▶ TASK DESCRIPTION: Each line starting at the one that contains "Termómetro digital Rígido K-TD100" and ending at the one that contains "Przykłady wykorzystania materiałów" must be returned exactly, and the rest of the listing is left out.

▶ LISTED ENTRIES:
================================

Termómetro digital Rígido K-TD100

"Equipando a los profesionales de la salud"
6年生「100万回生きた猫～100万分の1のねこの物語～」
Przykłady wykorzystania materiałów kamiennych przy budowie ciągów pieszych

================================

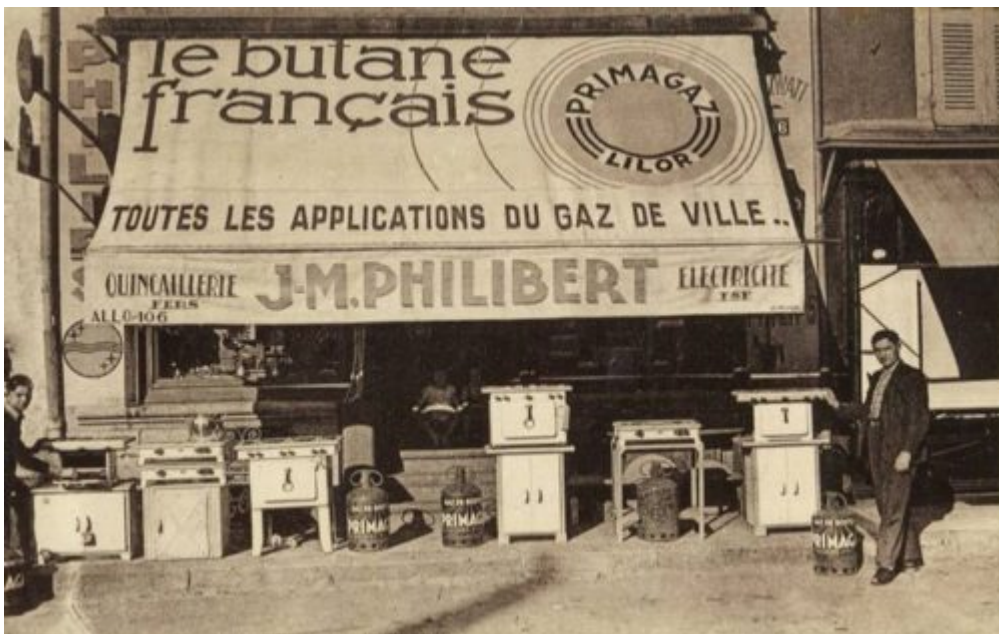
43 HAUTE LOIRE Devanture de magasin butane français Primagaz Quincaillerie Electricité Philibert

================================

▶ ANSWER TO THIS PROBLEM:
Termómetro digital Rígido K-TD100

"Equipando a los profesionales de la salud"
6年生「100万回生きた猫～100万分の1のねこの物語～」
Przykłady wykorzystania materiałów kamiennych przy budowie ciągów pieszych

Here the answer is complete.